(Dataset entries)
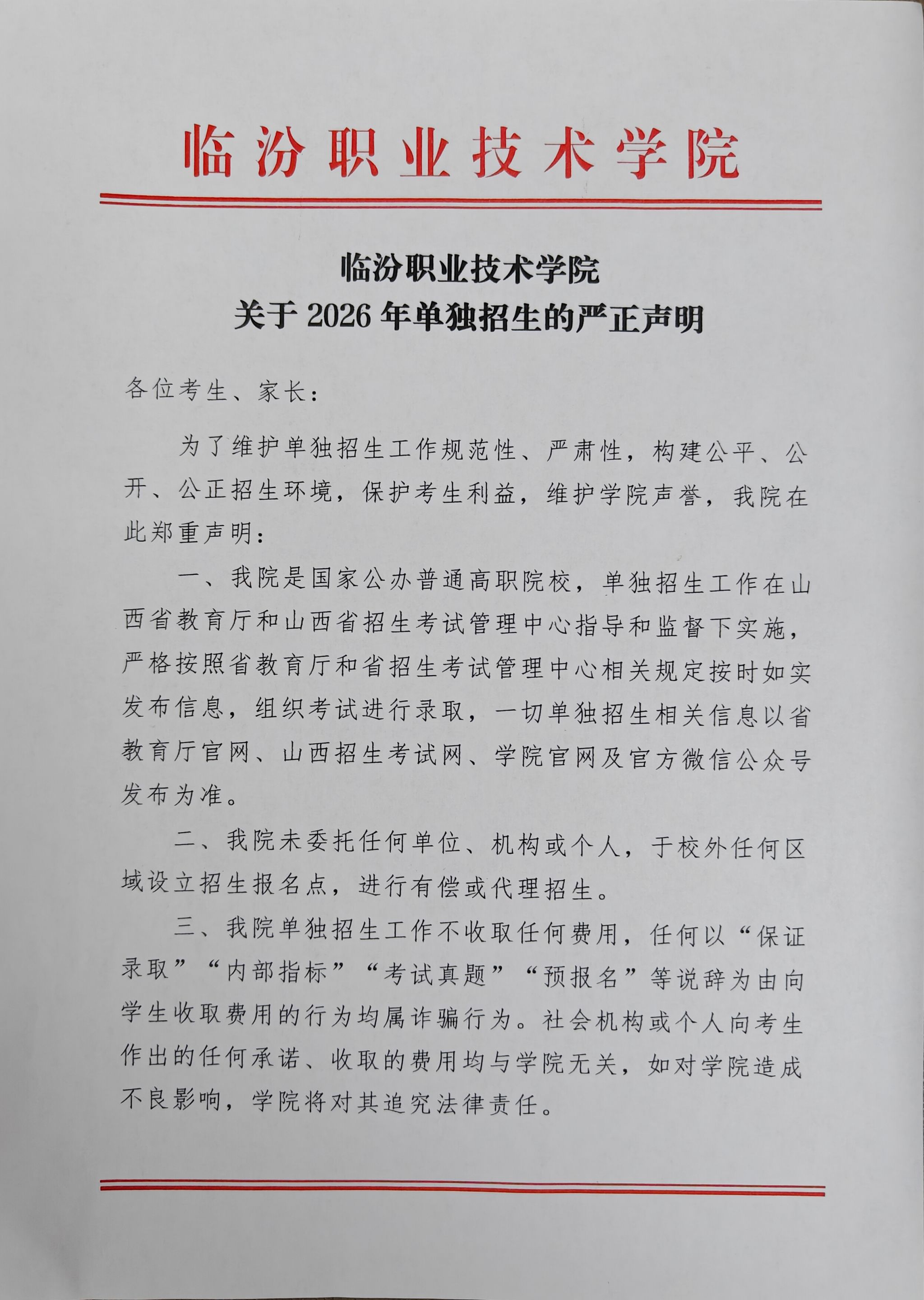 临汾职业技术学院关于 2026 年单独招生的严正声明
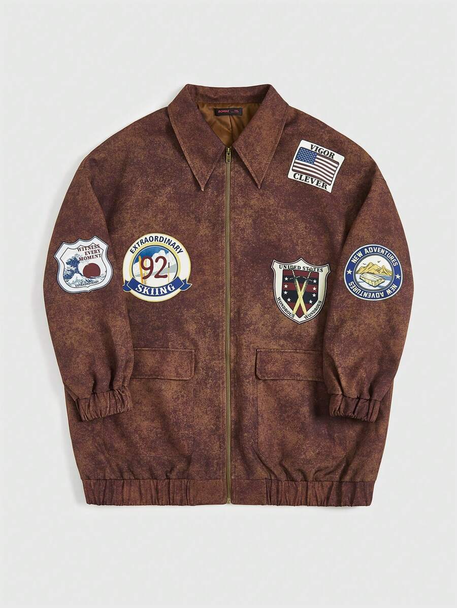 Women'S Plus Size Badge Print Zipper Front Jacket
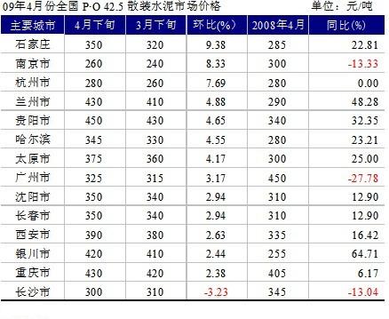 四川部分地區在4月底普遍下跌了下跌20-30元,但亞東、拉法基等本地企業并沒有跟隨調整,主要的價格調整主要在5月份。
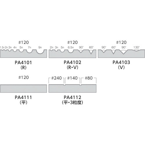 Catalog number: PA4103 Features: ●A lineup of dressers that allows for speedy and easy dressing, towing, and forming of various tools. Specifications: ●Total length (mm): 100 ●Width (mm): 25 ●Thickness (mm): 15 ●Grain size (#): 120 ●Type: V ●Size (mm): 100 x 25 x 15 Caution: ●Always perform work at 15,000 rpm or less.
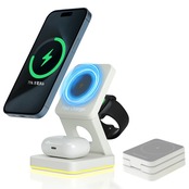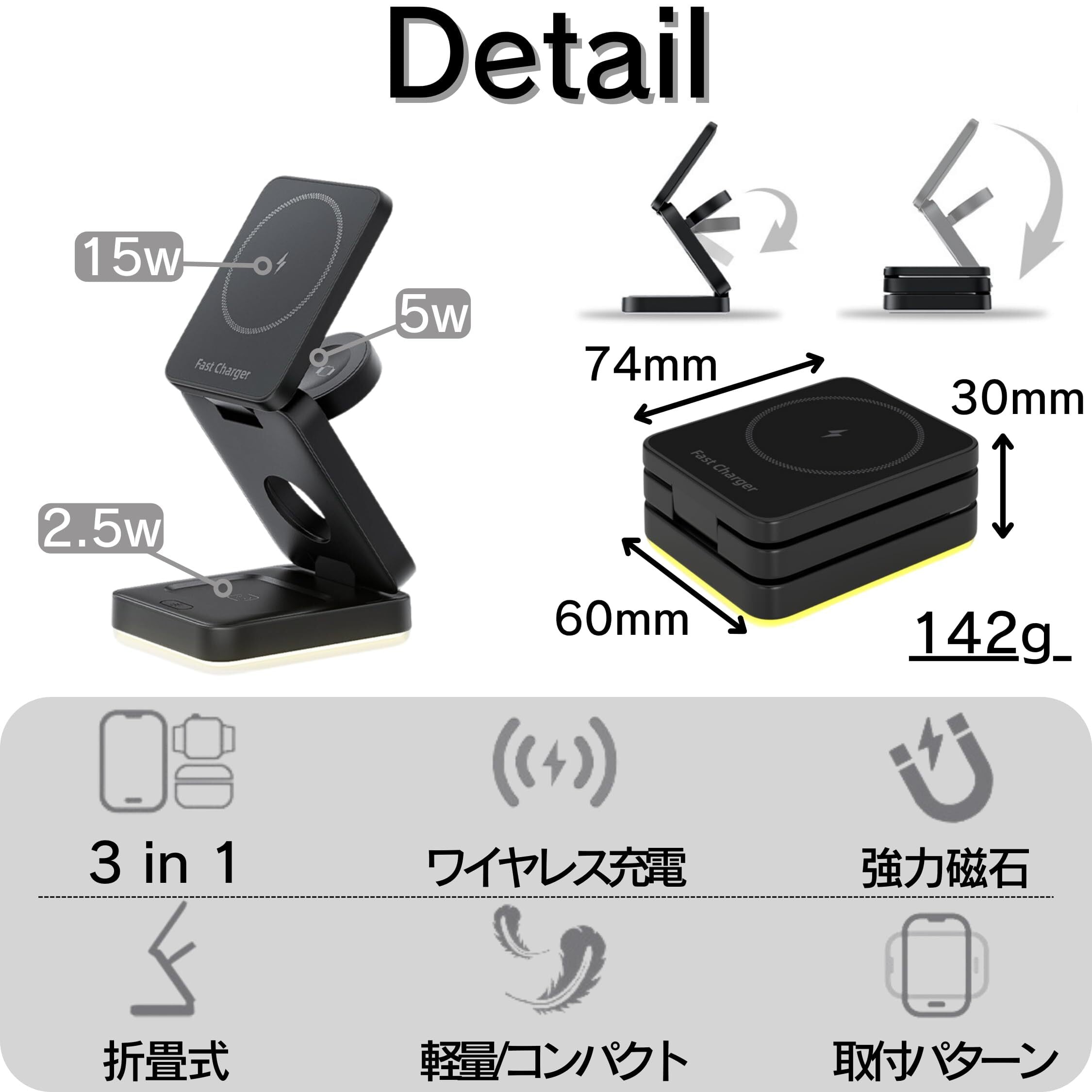 iPhone、AirPods、Apple Watchを同時に充電できる、MagSafe対応の3in1ワイヤレス充電器です。強力なマグネットでデバイスを固定し、最大15Wの高速充電を実現。デスク周りをスッキリと整理し、あなたの毎日をよりスマートにします。 【主な特長】 3台同時充電 iPhone、AirPods、Apple Watchを同時に充電可能。充電時間を短縮し、時間を有効活用できます。 【MagSafe対応】 強力なマグネットでピタッと吸着。ズレを防ぎ、安定した充電を実現します。 【コンパクト設計】 折りたたみ式で、持ち運びにも便利。出張や旅行先でもスマートに充電できます。

■ WHAT THIS TASK INVOLVES: Go back to the entries above and restate word for word every line from the first through the one that contains "四川部分地區在4月底普遍下跌", leaving the pictures behind.

■ PROBLEM SOLUTION:
 临汾职业技术学院关于 2026 年单独招生的严正声明
 Women'S Plus Size Badge Print Zipper Front Jacket
 四川部分地區在4月底普遍下跌了下跌20-30元,但亞東、拉法基等本地企業并沒有跟隨調整,主要的價格調整主要在5月份。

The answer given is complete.